— THE DATA —
>>>

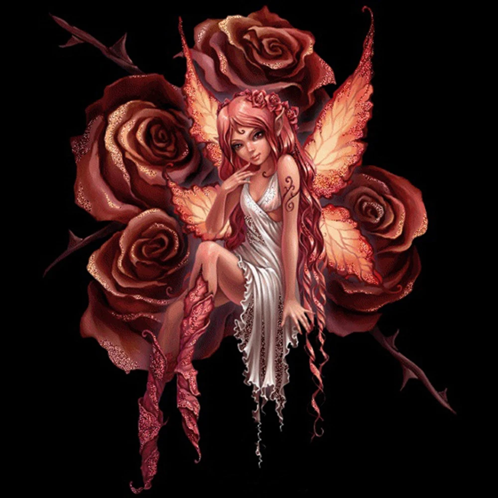 Алмазная 5D картина сделай сам, Цветочная фея, маленькая девочка с крыльями, угловая Алмазная Вышивка крестиком, мозаика, настенная наклейка, подарок
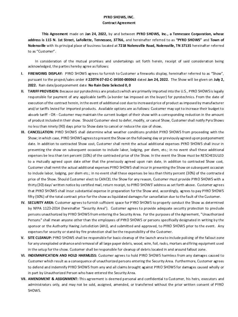 PRO SHOWS, INC. Contract Agreement This Agreement made on Jan 24, 2022, by and between PRO SHOWS, Inc., a Tennessee Corporation, whose address is 115 N. 1st Street, LaFollette, Tennessee, 37766, and
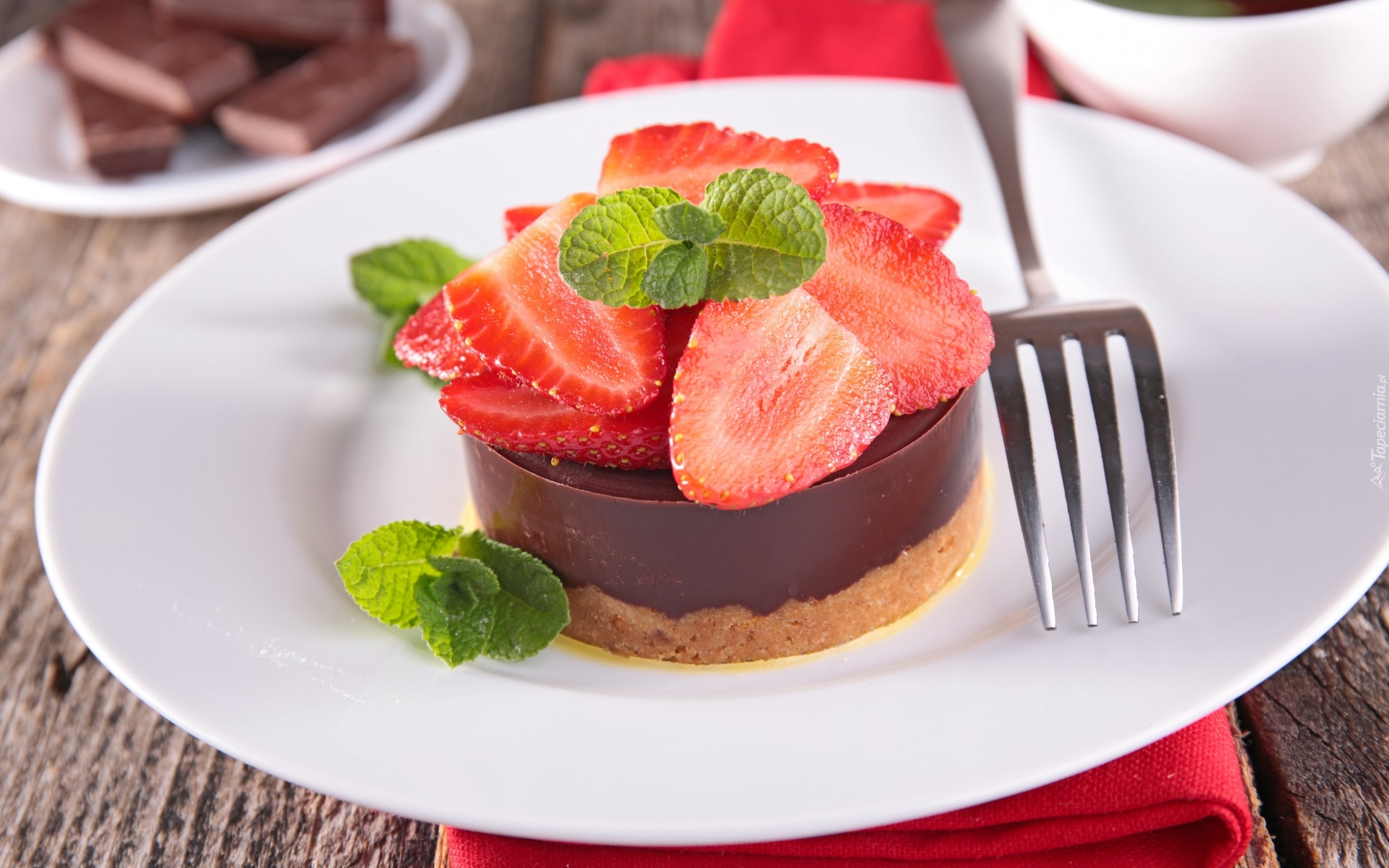 Edytor tapety: Deser czekoladowy udekorowany truskawkami i listkami
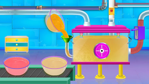Start your busy working day by driving the milk tank from warehouse to factory. Buy bakery ingredients from supermarket. Place in cart & pay at cash counter. Wash the fruits in kitchen before cutting them like a little ninja chef. Drag the pieces of fruits in large grander, add the sugar and grind them to make fruity pulp. Drag the fruit pulp bowl on conveyor belt. Repair the rusty generator with cleaning & repairing tools. Add milk & pulp in large mixture tank and mix gradually. After mixing liquid, pour in the mixture and fill the blocks with salt and ice for cooling process. Pour the ice cream in wafer cones. Add toppings like jelly beans, sprinkles, nuts & syrup from top by rotating machine. After wrapper selection design the wrapper / ice cream cup according to the Ice Cream by dragging images on the wrapper.

<<<

— TASK STATEMENT —
Lines from the start of the listing above through the line holding "PRO SHOWS, INC. Contract" are to be duplicated exactly, and nothing more; leave out the pictures.

— YOUR RESPONSE —
 Алмазная 5D картина сделай сам, Цветочная фея, маленькая девочка с крыльями, угловая Алмазная Вышивка крестиком, мозаика, настенная наклейка, подарок
 PRO SHOWS, INC. Contract Agreement This Agreement made on Jan 24, 2022, by and between PRO SHOWS, Inc., a Tennessee Corporation, whose address is 115 N. 1st Street, LaFollette, Tennessee, 37766, and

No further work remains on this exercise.